Axelrod was bewitched by the peppermint room in the Celestial Seasonings plant. (“It will clear out your sinuses,” she reported.) And she recalled loving the low-tech vibe at Martin Guitar. (“After they glue the rim of the guitar to the body, they use clothespins to hold it in place while drying.”)

But Torie Bosch had mixed feelings about the more than half-dozen factory tours her labor-crazed parents took her on. While she loved the Crayola and Hershey’s trips, seeing tastykakes come into being “turned me off peanut butter for several years,” she wrote. And the coal mine scared her, especially after a tour guide told her there were rats lurking nearby and regaled the audience with tales of what miners were trained to do in the event of a mine collapse (force your hand out of the rubble and wiggle your fingers).

One question that has lingered throughout the history of factory tours is how factory workers feel about being turned into tourist spectacles. In the early days of the tours, company archives were kept by administrators and reflected a management point of view. But union records from the auto industry in the 20th century register some employees’ dissatisfaction with a practice that seemed to sugarcoat the actual working conditions of their plants. “It was a legitimate complaint,” explains Marsh, “because the tours were so obviously PR tools. They had defined scripts and prescribed routes. You didn’t necessarily see the whole picture of what was going on.”
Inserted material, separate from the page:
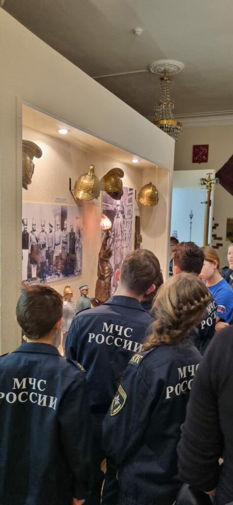 Ребята посетили экспозиции выставки, которые располагаются в залах первого и второго этажа здания. Их познакомили с историей пожарной охраны города: макеты конного обоза, подлинные экспонаты медных касок, механические лестницы и каланчи дают образное представление об оснащении пожарных в XIX веке. Часть экспозиции исторического зала посвящена подвигу пожарных в годы Великой Отечественной войны, что позволило ребятам по достоинству оценить героизм людей, защищавших осажденный город.
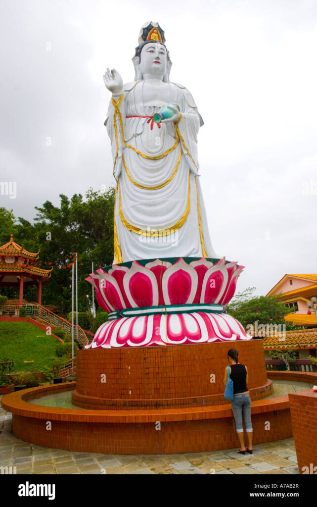 Kuan Yin, the goddess of mercy, is the most universally loved and well-known Chinese goddess. Her image is seen in most of Chinese households, and there are altars dedicated to Kuan Yin in many Chinese homes and temples in all the major towns in Sarawak. She is said to answer all prayers to those who come to her for her spiritual assistance. She is also known as the goddess of sympathy, who listens to the cries of human beings. Furthermore, she is basically of Buddhist origin, being a representation of the Buddhist Lord of Mercy, Avalokitesvara who listens to the sounds of the world. He reached China from India about the fifth century, and some centuries later he appeared in feminine form as Kuan Yin. According to the Buddhist faith, the goddess takes numerous forms but is often depicted standing or sitting, wearing a white robe and carrying a willow branch or a small vase.

Workers may have also considered the tours a manipulative form of quality control. Employees at a Pez factory were disgruntled at first by a large glass window through which visitors could watch them go about their day. But over time, they grew flattered by people’s attention and interest. “I’d imagine that most workers feel a sense of pride about the tours,” Axelrod told me. After all, thanks to them, thousands of Americans every year can catch a glimpse of our trucks, pianos, pretzels, ice cream, and toothpaste, being born.

And we don’t even need a golden ticket.